Y-19
The Xian Aircraft Corporation, which developed the Y-20, has offered an alternative to the Shaanxi Y-30 in the form of the Y-19. The main difference, by one account, is that the Y-19 would be powered by two turbofans and not turboprops as in the Y-9 and Y-30.
The situation with the "Y-19" is confused by the Chinese practice of re-using aircraft designators until an aircraft with that designation actually enters service.

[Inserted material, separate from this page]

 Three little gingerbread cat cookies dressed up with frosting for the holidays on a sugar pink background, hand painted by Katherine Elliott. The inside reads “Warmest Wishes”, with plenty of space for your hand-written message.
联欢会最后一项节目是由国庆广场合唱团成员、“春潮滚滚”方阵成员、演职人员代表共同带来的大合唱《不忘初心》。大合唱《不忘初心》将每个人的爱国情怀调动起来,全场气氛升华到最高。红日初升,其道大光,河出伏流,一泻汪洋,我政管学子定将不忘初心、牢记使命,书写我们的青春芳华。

The 2010 Report To Congress of The U.S.-China Economic And Security Review Commission states that: "China has made little progress in modernizing its air transport fleet since its last effort in the early 1990s when it bought 18 Russian-made IL-76s. China currently is designing a 200-ton transport aircraft, which, when completed, is to be comparable to the U.S. Air Force C-130." [page 78] The source of this intelligence is unclear, since the open sources cited make no reference to such an airplane. The maximum takeoff weight of the latest C-130J is 87 tons, so a 200-ton aircraft would be in a completely different performance class.

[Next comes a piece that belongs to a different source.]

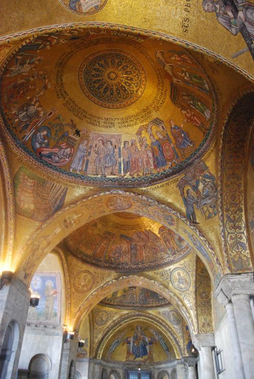 Dentro de la basílica, fundamentalmente bizantina en su concepción arquitectónica, lucen los mosaicos, que son su elemento decorativo natural. En éstos se representan historias basadas en la Biblia, figuras alegóricas, acontecimientos de la vida de Cristo, de la Virgen, de San Marcos y de otros santos. Los mosaicos, en los que predomina el oro, revisten por más de 8.000 metros cuadrados las paredes, las bóvedas y las cúpulas.

The existence of a "Y-19" transport aircraft project is very poorly attested. According to one early source, the WJ10 turboprop was a study for local development of a 5000 kilowatt engine, for volume production by 2014 for the Y19 transport "30 Ton" series. But this may just have been a typographic mistake for the well-attested Y-9, of quite similar characteristics.

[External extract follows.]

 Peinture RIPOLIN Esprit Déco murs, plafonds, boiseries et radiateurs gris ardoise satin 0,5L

A substantial redesign of the Shaanxi Y-8 (Chinese copy of the An-12 Cub), with a payload of 30 tons, was initially revealed with provisional specifications in model form to the public at the November 2002 Zhuhai Air Show under the name of Y-8X, later re-designated Y-9. With a maximum total weight of 81 tons, the aircraft will be powered by 4 WJ-6C turboprops (rated @ 5,100ehp each) with JL-4 6-blade propellers made of composite materials, which improve its high temperature and high altitude performance.